=== Brief ===
From the entries below, print exactly the span beginning with the line holding "寒假將至,年味漸濃。1月23" and ending with the line holding "15. When the", endpoints included, and skip any pictures.

=== Source data ===
□ □ □ □ □

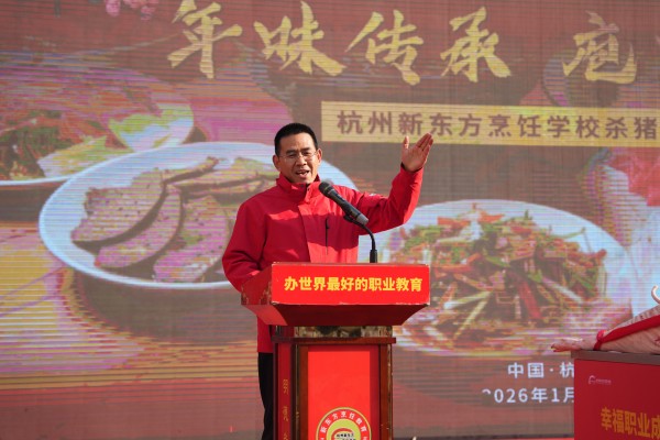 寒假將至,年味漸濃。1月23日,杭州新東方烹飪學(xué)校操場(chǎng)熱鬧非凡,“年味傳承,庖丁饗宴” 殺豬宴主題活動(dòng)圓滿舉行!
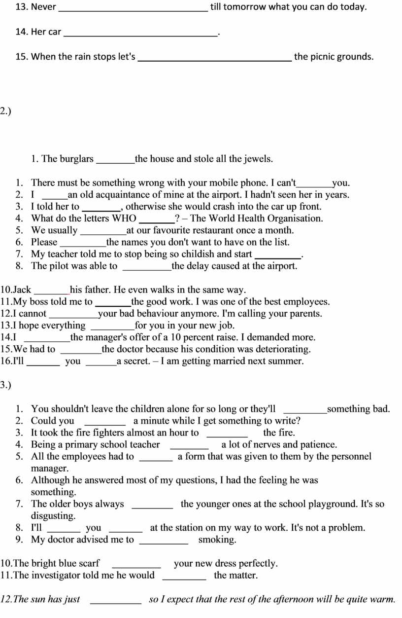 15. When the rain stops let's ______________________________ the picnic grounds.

□ □ □ □ □

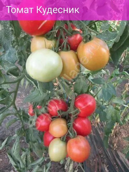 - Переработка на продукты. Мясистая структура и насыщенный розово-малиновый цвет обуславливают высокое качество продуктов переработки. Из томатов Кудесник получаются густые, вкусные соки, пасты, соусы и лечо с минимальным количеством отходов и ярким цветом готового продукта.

□ □ □ □ □

=== Solution ===
 寒假將至,年味漸濃。1月23日,杭州新東方烹飪學(xué)校操場(chǎng)熱鬧非凡,“年味傳承,庖丁饗宴” 殺豬宴主題活動(dòng)圓滿舉行!
 15. When the rain stops let's ______________________________ the picnic grounds.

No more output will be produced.